Yea, i have a 1 1/2" drop, they looked awesome.


----------



## maxpower559 (Sep 6, 2002)

i have 17''s and they sux in a way...they look ok but i want to lower my car and im scared that the back wheels will keep rubbing the sturt on hard cornering...

i have pix but i dont know how to post em.


----------



## Gump (Jan 30, 2003)

max, are you lowered any? i have a 1 1/2" drop, i have a little room to spare, what kinda tires you running?


----------



## 93 SE-R Pilot (Aug 19, 2002)

If you care anything about performance, you will go with nothing larger than 15". For the B13, 15" wheels are the best size for performance and looks. Also, look for something 13lbs. or less. When looking for tires, get something in 195/50R15 (ideal) or 205/50R15. If I had the money, I would buy the Volk TE-37's, they are pricey though ($385ea.).


----------



## Guest (May 8, 2003)

*15" rims....*

Go with some lite weight 15" rims. If you go with 16 or 17" it will mess up you speedo plus your car will ride like a tank. Plus its not cool spending $500+ for tires every year. Do the research first and save you a lot of time and money. Good Luck.


----------



## sentrapower93 (May 11, 2002)

15" wheels & 195/50/15 tires are the perfect set-up for perf./looks on a B13 imo. That's what i have...


----------



## 91ser (May 7, 2003)

hey, i just got a 91 se-r, i was wondering if rims from the 2002 v-spec sentra would fit, and where i might find them


----------



## Gump (Jan 30, 2003)

Nope, different lug pattern. your's is 4 on 100, i forget what the b15 is, but it wont work, sad too they look pretty sweet for stockers!


----------



## EasyJ420 (Sep 8, 2002)

Hey if you are still looking for rims I have 15" on my 93' SE-R. They are called Borbet rims, they look nice and are light. You can get a set for $400, so you might what to check those rims out.


----------



## Shotokan1509 (May 4, 2003)

EasyJ420 said:


> *Hey if you are still looking for rims I have 15" on my 93' SE-R. They are called Borbet rims, they look nice and are light. You can get a set for $400, so you might what to check those rims out. *


Pictures?


----------



## SentraXERacer (Oct 7, 2002)

Hey, no one mentioned B-14 SE-R rims!!! BTW: they are 15 inch and look good on B-13s.


----------



## EasyJ420 (Sep 8, 2002)

Look in at tirerack.com, they have the 15" Borbet rims and more. You can select your car and see how they would look.


----------



## Guest (May 12, 2003)

Folks:

i'm hearing 195-50-15's are the ideal size. How much off a difference would 205-50-15's take the B13 away from this "ideal".
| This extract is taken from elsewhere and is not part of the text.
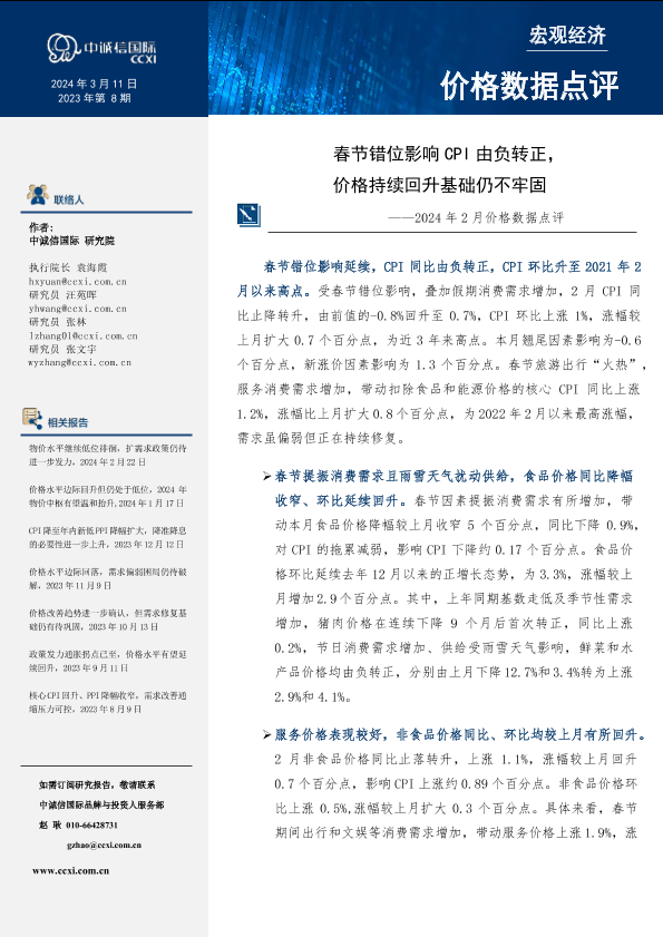 【中诚信国际】【20240222】春节错位影响CPI由负转正,价格持续回升基础仍不牢固-6页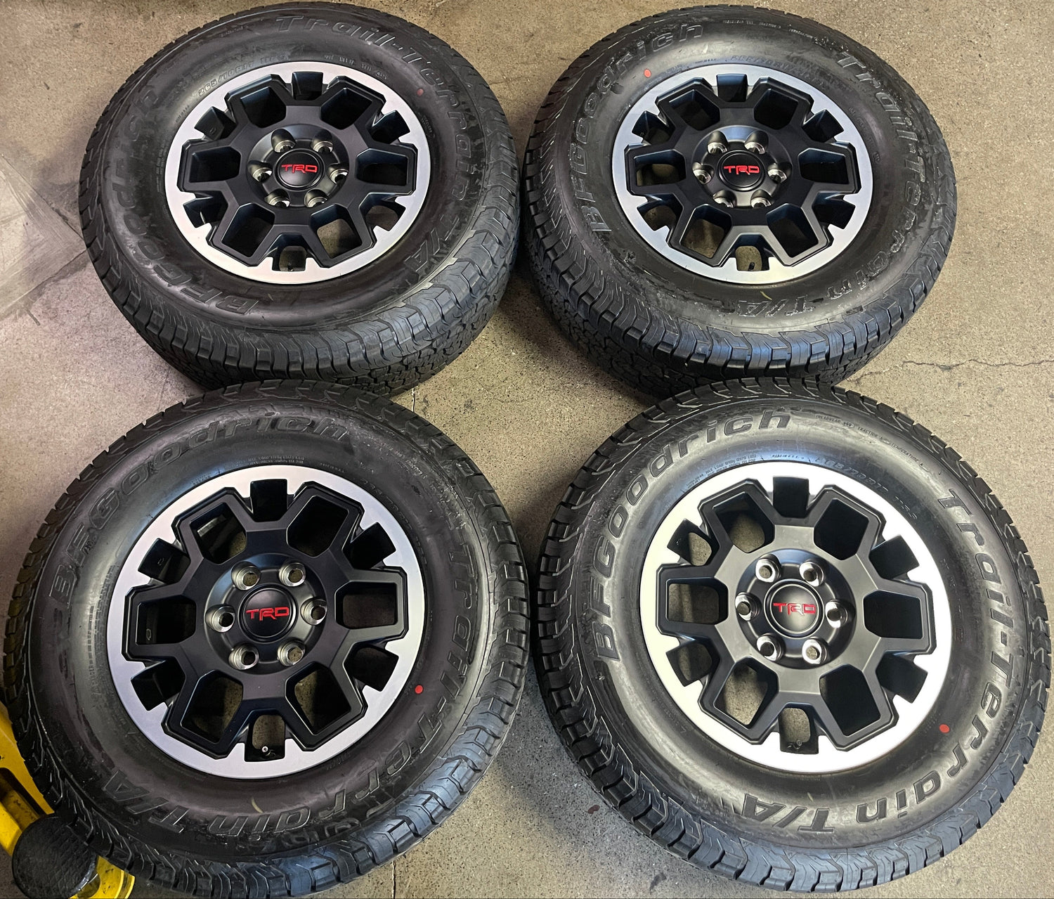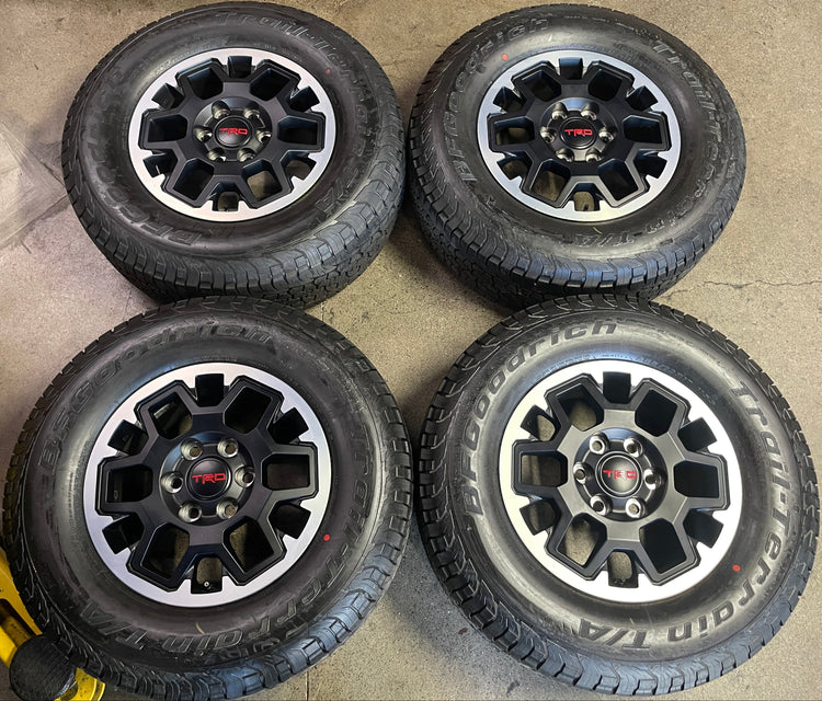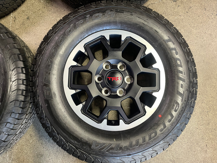This is a clean Take-off set of factory 2026 Toyota Tacoma TRD 17 inch wheels and tires. OEM Matte gray finish with machined lip. The BFGoodrich Trail-Terrain T/A 265/70SR17 have 99% tread remaining with a 0625 DOT. Caps included. No sensors. Lug Nuts included. Only fits 2024 2025 2026 models, Does NOT fit prior years (higher offset, smaller center bore)

See the thread Rim Size and look at Stealth B13 post and the other one i posted....


----------



## samk (Feb 26, 2003)

i used to have 195/50/15 but now i have 205/50/15. i am planning on going back to 195. 205's look a bit beefy on the rims. my rims are 5.5 by the way. 195's are just right. also with the 205's, the tires rub on the fender lip even though i got them cut out.


----------



## beataholic (Apr 25, 2003)

17's will fit fine .... You just need rim spacers to kick them off the strut if the rim is 7.5".... I have 17" x 7" racingheart c-3's with 2-1/2" b&g drop and I use spacers because my rims were hitting the top of my strut


----------



## Shotokan1509 (May 4, 2003)

beataholic said:


> *17's will fit fine .... You just need rim spacers to kick them off the strut if the rim is 7.5".... I have 17" x 7" racingheart c-3's with 2-1/2" b&g drop and I use spacers because my rims were hitting the top of my strut *


Do you have pictures of your car?


----------